Three Different Articles on the War Between Israel and Hamas
I thought I'd share these with you
I collect A LOT of articles, essays, opinion pieces, etc. over the course of each week, and many of these get filed away for future use. Some just get filed away and collect digital dust. Some of these are used as research or references for my writing. Many others go into the weekly SCR. Others don’t fit anywhere but are still worthy of sharing anyway, just like the following three that I am sharing with you today.
The first one is from OpenDemocracy and describes how South Africa’s case against Israel at the International Court of Justice (ICJ) is a ‘personal one’. This serves to balance the article on this very same issue that I shared in the most recent SCR, as that one came from an Israeli.
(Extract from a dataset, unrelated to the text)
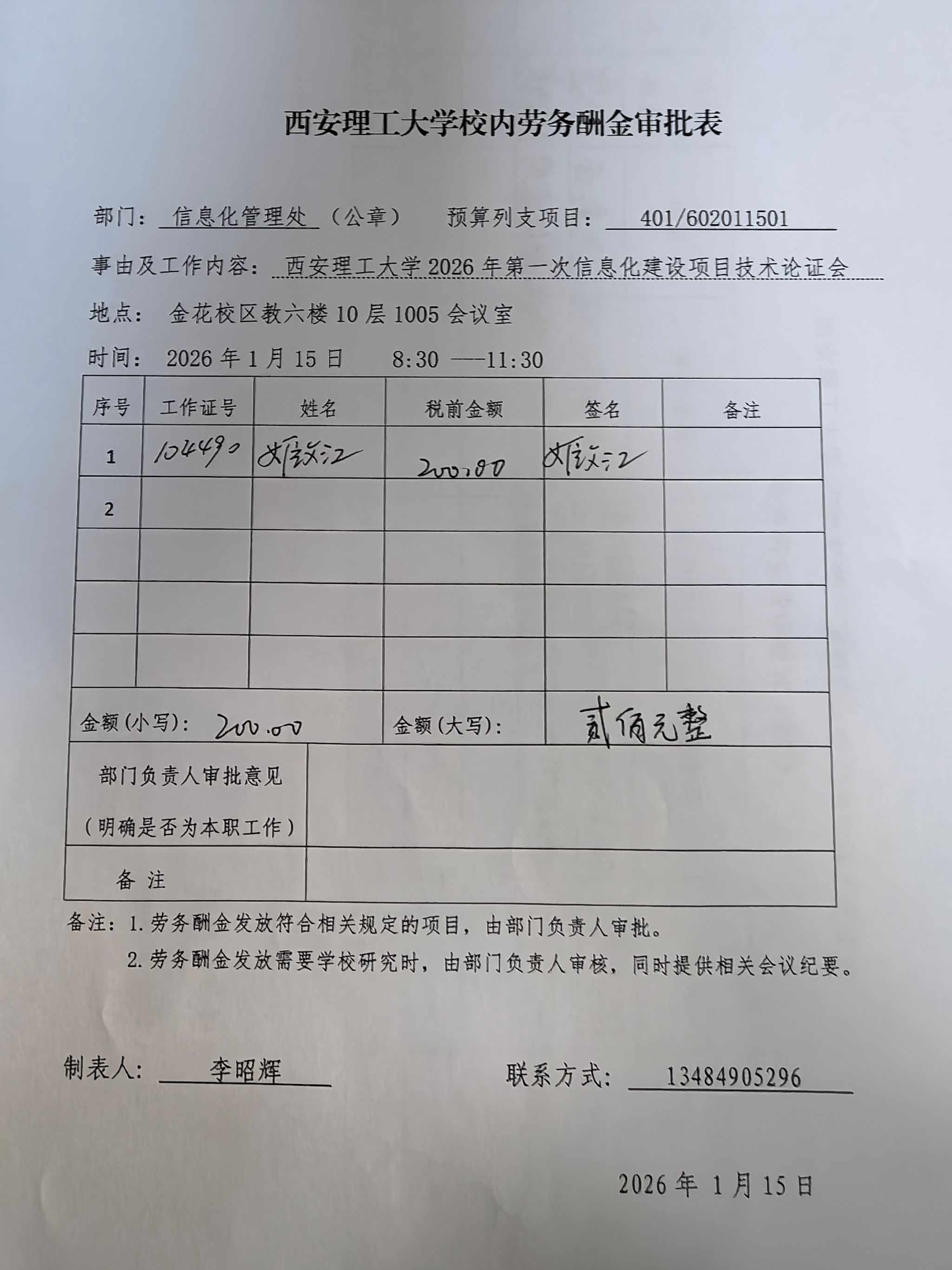 2026年1月15日上午8:30-12:30,在金花校区教六楼10层1005会议室,召开“西安理工大学2026年第一次信息化建设项目技术论证会”,相关单位工作人员及校内外专家参加会议。参会的校内专家应支付劳务费,明细见下表,特此公示:

For South Africa, defending Palestine is personal
When lawyers and government officials who had represented South Africa in its dispute against Israel at the International Court of Justice (ICJ) returned to Johannesburg’s OR Tambo Airport on Sunday 14 January, they received a welcome usually reserved for world champions or Olympians.
People waving Palestinian and South African flags filled the airport’s international arrivals hall. The call and response of Amandla! Awethu! (Power! To the People!) rang out.
Placards were held aloft. Some were humorous: “Heroes don’t wear capes, they have LLBs!” Others, mournful.
“Motivating factors”:
Dangor pointed to the strong pro-Palestinian sentiment among civil society organisations in South Africa as another motivating factor for his government’s ICJ application. Likewise, the long relationship between the African National Congress (ANC), which currently governs South Africa, and the Palestinian Liberation Organisation (PLO), when both were liberation movements.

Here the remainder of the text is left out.